If it wasn’t for your Ex, you wouldn’t be here now asking yourself questions of what went wrong, why the relationship ended, how it happened, who continues to haunt you. So forgive! Forgive that person and cut the ties that bond you forever.
The first step is find forgiveness for YOU. (Read Forgiveness) Once you forgive then you can start the healing process. One thing that helped me and was taught to me by a very incredible woman, was participating in a special visualization/meditation practice.
In this meditation, you mentally visualize your Ex and what physically bonds you. It might be represented in a chain, rope, string or something else. Then visualize where that attaches to your body. Is it your heart, stomach, chest, or somewhere else? You walk through this meditation, talking to your Ex and letting them know:
-How they hurt you.
-What makes you mad.
-What they taught you.
-What you loved about them.
-And then forgive them.
At this point, you then mentally cut the bond that ties you together. Is it fire that burns the rope? Or a knife that cuts it? There is no wrong answer….its what you are feeling. You then imagine yourself disposing off that material that bonded you. Lastly, you visualize yourself walking into a body of water. It could be an ocean, river, lake, or even a shower. You then let the water wash over you…cleansing all the baggage they brought into your life. You emerge from the water refreshed and renewed. This visualization/meditation doesn’t mean you should never talk or see this person again…it just releases you from the “old” relationship; allowing for a new one to be born and/or new relationships with others despite this one to be healthy ones.
For some, meditation or visualization may not be for you. If this may not be your style…try to find in yourself a way to physically let go of the past of this Ex. Write a letter to them stating what made you mad, what they taught you, what you loved and how you forgive them. But don’t send it…burn it or tear it up and throw it way. The physical act of this will bring you closer and release.
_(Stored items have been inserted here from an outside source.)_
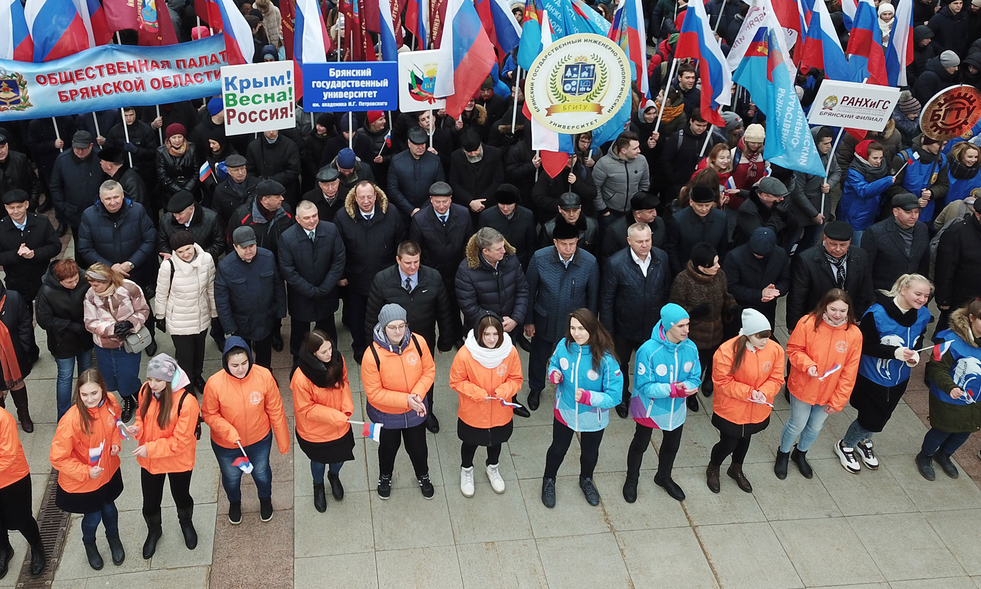 Несмотря на прохладную погоду «Крымская весна» своим теплом объединила несколько тысяч жителей Брянской области: представителей предприятий и организаций, молодежь и студенчество Брянской области, представителей общественных организаций и объединений, руководителей региона, депутатов Государственной Думы Федерального Собрания Российской Федерации, представителей органов исполнительной государственной власти и федеральных территориальных органов государственной власти, депутатов.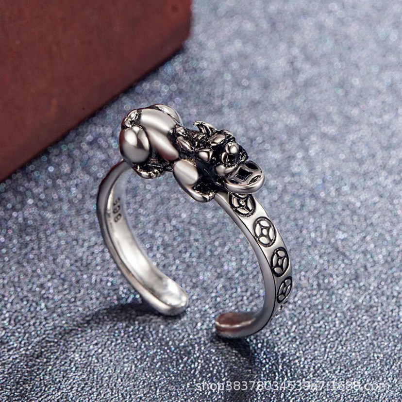 National Trend Domineering Retro Plain Silver Beast Ring Men's Thai Silver Pixiu Alloy Live Mouth Ring Men's Open Ring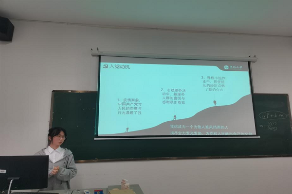 此次共有18名拟发展对象候选人进行汇报,其中19级同学6名,20级同学9名,21级同学3名。各拟发展对象从个人学习与生活、对党的认识、入党动机、自身不足之处与改进等方面向党组织进行汇报。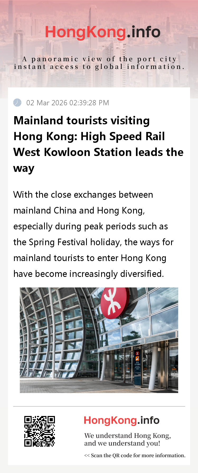 The diversified characteristics of mainland tourists entering Hong Kong are becoming increasingly evident, with multiple modes of transportation such as railways and highways complementing each other to meet the travel needs of different passengers. The West Kowloon Station of the high-speed railway stands out as the core hub of peak passenger flow. As the core station of the Hong Kong section of the Guangzhou Shenzhen Hong Kong high-speed railway, West Kowloon Station adopts the "one place, two inspections" transit method, allowing passengers to complete the procedures for mainland exit and Hong Kong entry in one go without transferring midway. This greatly shortens the clearance time. In addition, its independently developed passenger flow guidance and prediction system further improves the clearance efficiency during peak hours, enabling passengers to achieve "fast clearance and convenient travel". During the Spring Festival holiday, the number of mainland tourists entering Hong Kong through the West Kowloon Station of the high-speed railway reached 326800, with an average daily passenger flow of over 36000. With the advantages of high efficiency and convenience, it remained the most popular port of entry in Hong Kong, demonstrating the core role of railway transportation in cross-border travel.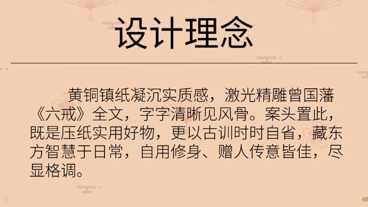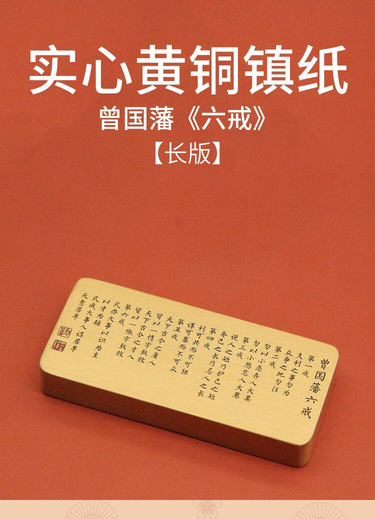 维班曾国藩六戒黄铜镇纸文房文化创意把件礼品刻字定制书法镇尺 曾国藩六戒黄铜镇纸15X40X90mm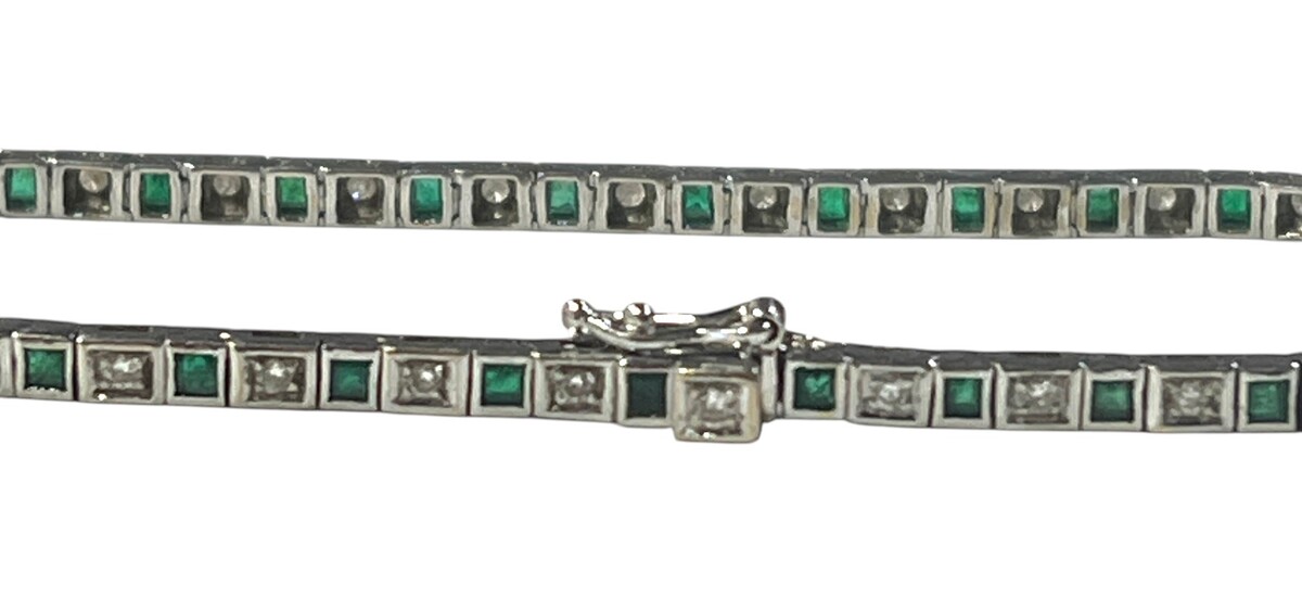Type: BraceletWeight: 5.7Karat: 18ktMetal: White GoldGender: Women'sStyle: FancySize / Length: 7"Owner applied: a 750Stone 1 quantity: 29Stone 1 shape: RoundStone 1 color: ClearStone 1 weight (total): .60Stone 1 type: DiamondStone 2 Quantity: 40Stone 2 Shape: PrincessStone 2 Color: GreenStone 2 Weight (Total): .80Condition:Used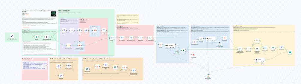 - Sub-Workflows for Enhanced Functionality: Includes sub-workflows to handle specific tasks, such as retrieving webpage content and looping through custom RSS feeds.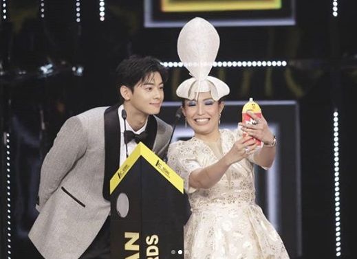 Di acara penghargaan tersebut, Eun Woo dan Ayu Dewi berpasangan untuk membacakan pemenang nominasi dari kategori Artis Terpopuler versi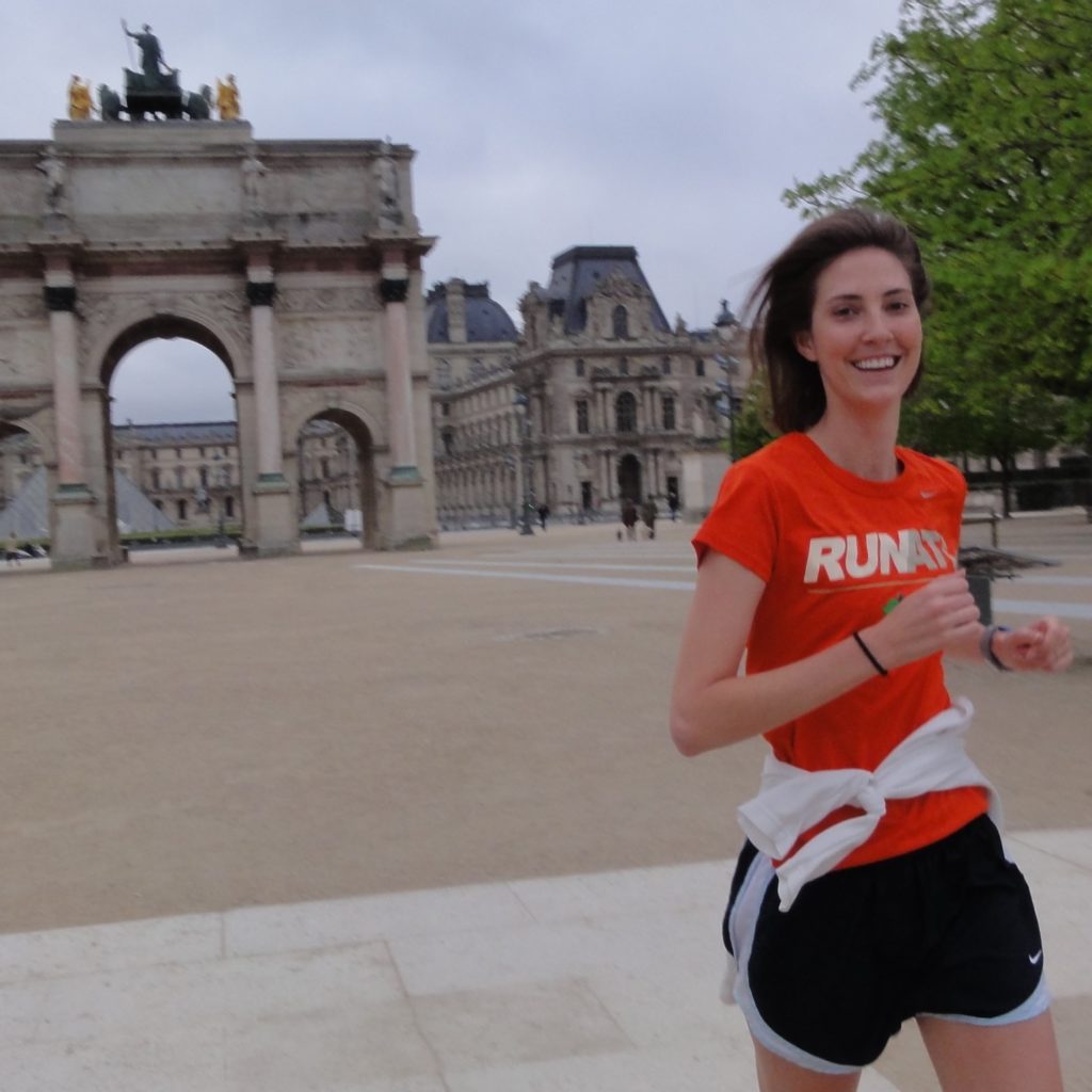 Arc du Carousel – Kristy 8:01 AM – Kristy, from Atlanta (USA), one week after running the half-marathon of Georgia, and having fully recover from the race, chose to do a sporting visit of Paris with Paris Running Tour. We explored “l’Ile de la Cité”, the right bank going through “le Louvre”, “les Tuileries” and the “Champs Elysées”, then we rejoined the left bank to run under the arches of the Eiffel tower, we crossed “les Invalides” and went along the river Seine to finish in the Quartier Latin. During the visit, as the armies of Napoléon, we “triumphantly” went through the “Arc du Carousel”! Merci Kristy*! The “Arc du Carousel”: After his victory in Austerlitz, Napoléon declared to his troops : “I will bring you back to France. You will pass through arches of triumph on your way to your homes!”. Therefore were constructed the “Arc du Carousel” at the Tuileries and the majestic Arc de Triomphe at place de l’Etoile. 130 years before, Louis XIV ordered the construction of the Arcs of “la Porte Saint-Martin” and of “la Porte Saint-Denis” in the North of Paris. Un jour de revue sous l’Empire. Hippolyte Bellangé 1862. Musée du Louvre. © Photo RMN – F. Raux On this picture, in the background, behind the Arc du Carousel, we can see the “Palais des Tuileries”, which closed the Louvre by the west side. The palace was burnt during the events of “La Commune” in 1871. * See Kristy’s blog about running and healthy food, a good choice for life! The route of the tour: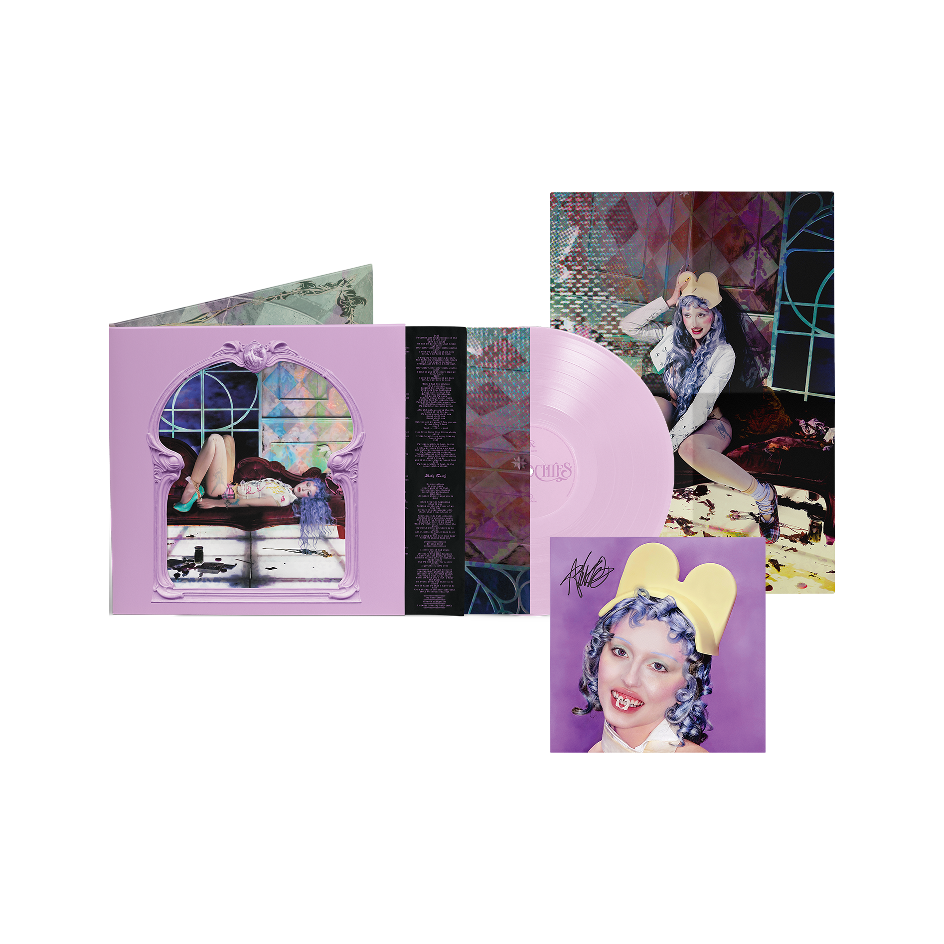 'Smoochies' on opaque pastel purple 12" vinyl, in a die-cut gatefold sleeve with exclusive artwork, printed inner bag, 12 panel folding poster and sticker sheet. Includes a special insert signed by Ashnikko. Exclusive to the official store.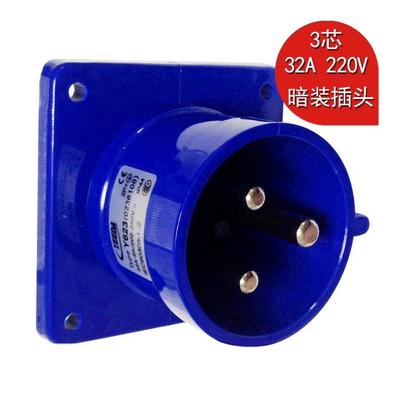 Yeeda怡达Y-623(0236106)IP44工业暗装反针插头单相三芯32A 220V
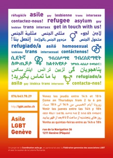 Ce projet se déroulera de janvier 2016 à décembre 2017. N’hésitez pas à en parler aux personnes concernées, qui peuvent nous joindre: - à notre permanence: les jeudis de 14h à 18h, dans les locaux de l’association 360, 36 rue de la Navigation aux Pâquis - par téléphone: 076/663 78 29 - sur notre site: http://lgbt.asile.ch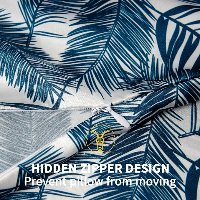 ZIMASILK 100% Pure Mulberry Silk Pillowcase for Hair and Skin Health,Both Sides 19 Momme Silk Floral Print,1pc (Standard 20''x26'',Blue Leaves)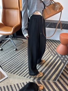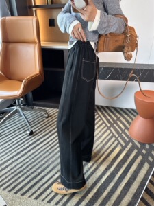 腿型救星!~松紧腰垂感阔腿牛仔裤女秋季新款小个子宽松直筒裤子
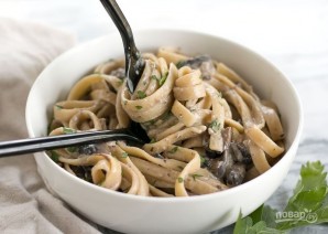 Нежная сливочная паста – это вкусно и быстро. Грибы готовятся за считанные минуты, в это же время можно отварить пасту, затем надо смешать все ингредиенты. Вот вам и весь рецепт приготовления. Подавайте пасту сразу же после приготовления. А вот соус можно сделать заранее. А если сделали много, тогда храните в холодильнике и разогрейте перед подачей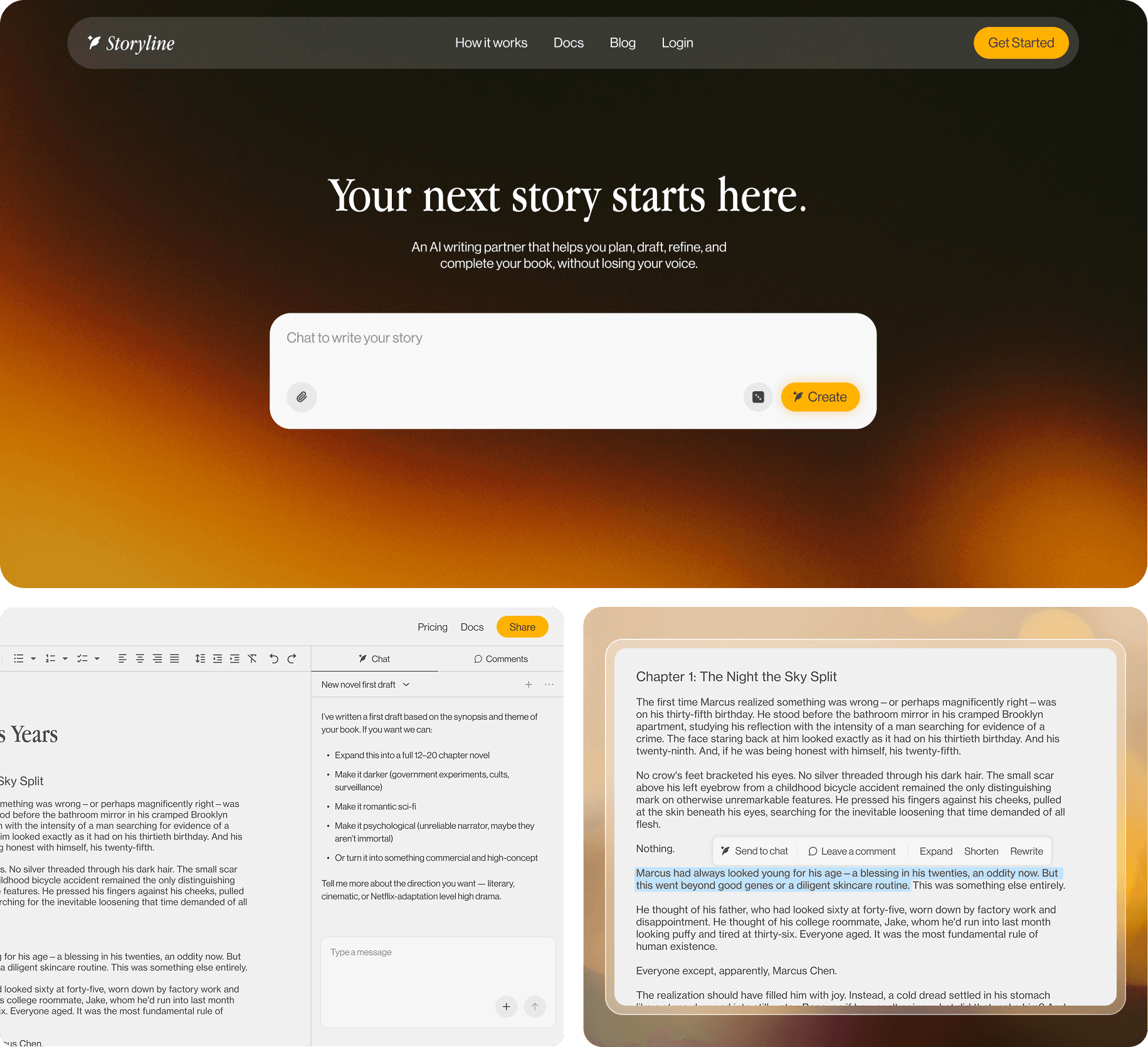 Storyline is an agentic AI-powered writing platform built to help anyone turn ideas into finished books. It guides authors through outlining, drafting, restructuring, and refining with clarity and momentum. The challenge was in helping writers sustain narrative coherence, character depth, while retaining their voice across hundreds of pages.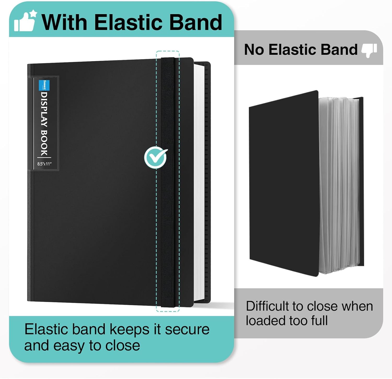 - Elastic Band for Secure Protection:Features a robust elastic band closure that keeps your portfolio folder closed and adds security to your documents. Enjoy peace of mind knowing your files are secure and won’t spill out or get damaged.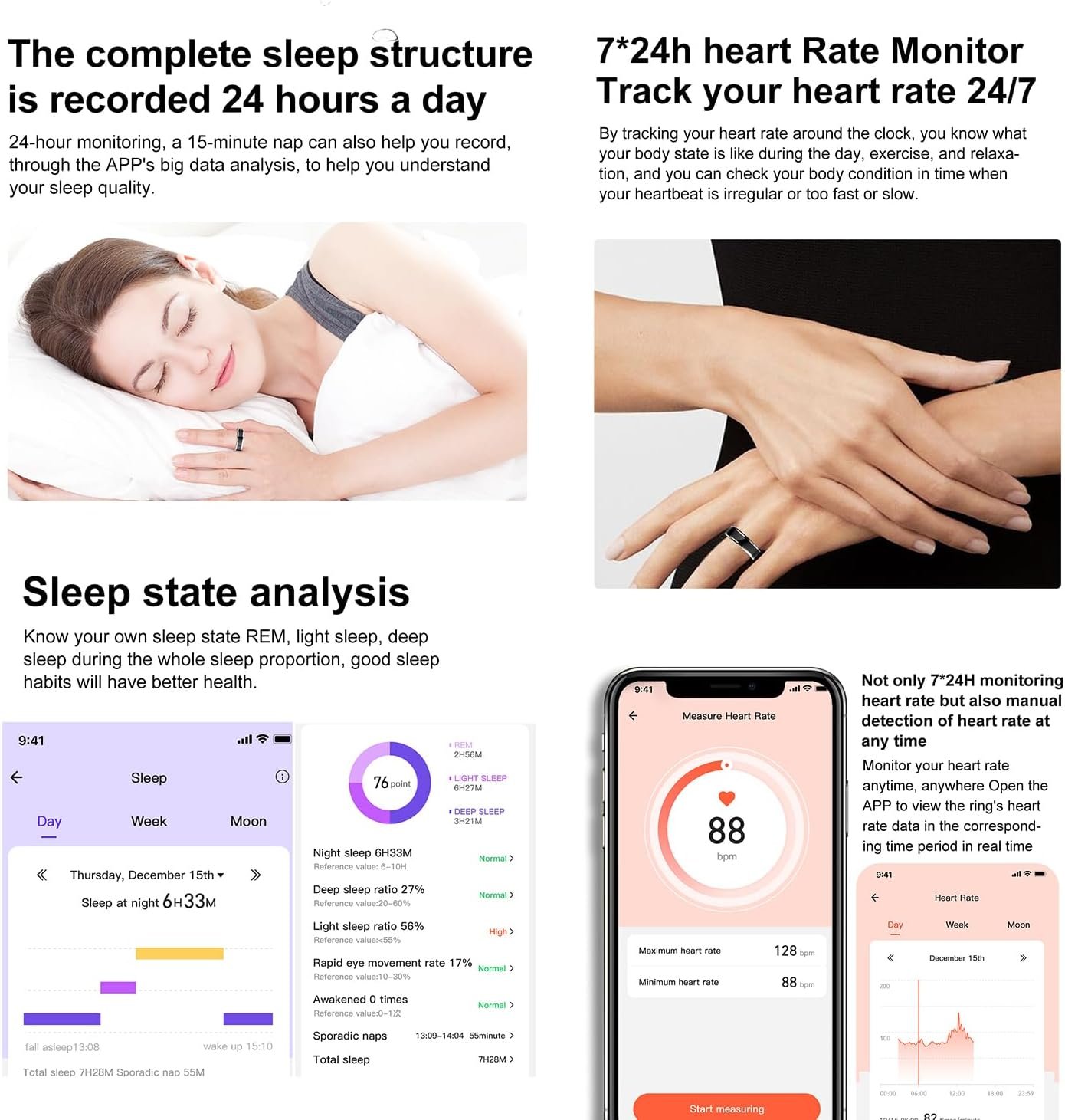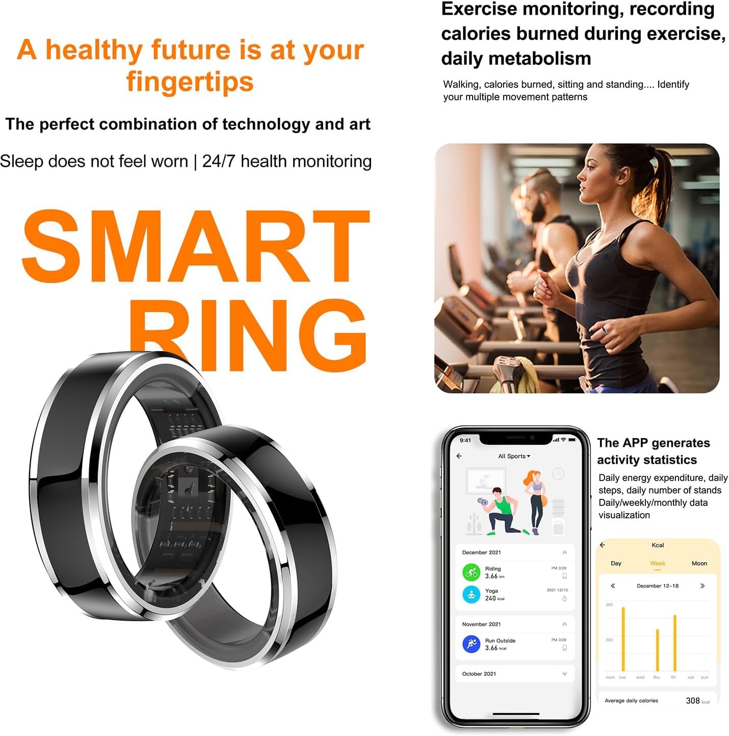 Be the first to review “Smart Health Ring for Fitness Sleep Tracking, 24-Hour Heart Rate Monitoring, Blood Oxygen Tracking, somatosensory Sports Games, 5ATM Waterproof Rating, Free APP (# 8), Diameter 18.7 mm, Black”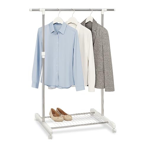 RELOVE Portants,Portant à vêtements,Portant à Roulettes avec porte-chaussures, Rotatif à 360°,penderie Simple sur roulettes vestiaire Mobile avec 1 Barre Extensible Hauteur réglable (un tir)

Ghosts of Relationships Present:
If you are able to let go, forgive and move on, then the Ghosts of Relationships Past will not creep into your Relationships Present. And if this present relationship should someday come to an end, you will not only allow past baggage to continue to influence; but you can resolve new issues that arise more quickly. You will create a healthier breakup between your partners. You will leave a relationship empowered and know that they served a purposeful path for you to continue. Now I’m not saying you will never cry and be that puddle on the floor…with each relationship comes a grieving period. I’m just saying that you will find healthier ways to move on and look back on a break up and see “the Why” more clearly. You will continue to see yourself more clearly as well. You will always continue to have work to do on yourself; but with each relationship you should change and grow.
Ghosts of Relationships Future:
So now you are learning to heal and mend the broken pieces of you; and also let go of past and present issues. Good job! Now for the future….just as Sylvester McNutt is quoted earlier, “We must never make our partners of the future suffer because of the mistakes from our partners in the past.” With a healthy “letting go of past”, you should be able to approach new relationships with a fresh outlook, a healthy mind and an open heart. You may find that you may have to rinse and repeat a few times in future relationships, but at least you are becoming a better you.
With each relationship brings a new path and a new lesson. It should get easier, right? I hope so! There will still be those that break us like no other; but I feel that’s when you grow the most! If you are aware of that and be honest with yourself in looking at the faults of your past lovers as well as yourself, you are killin’ it! You are half way there— so keep it up girl! You got this!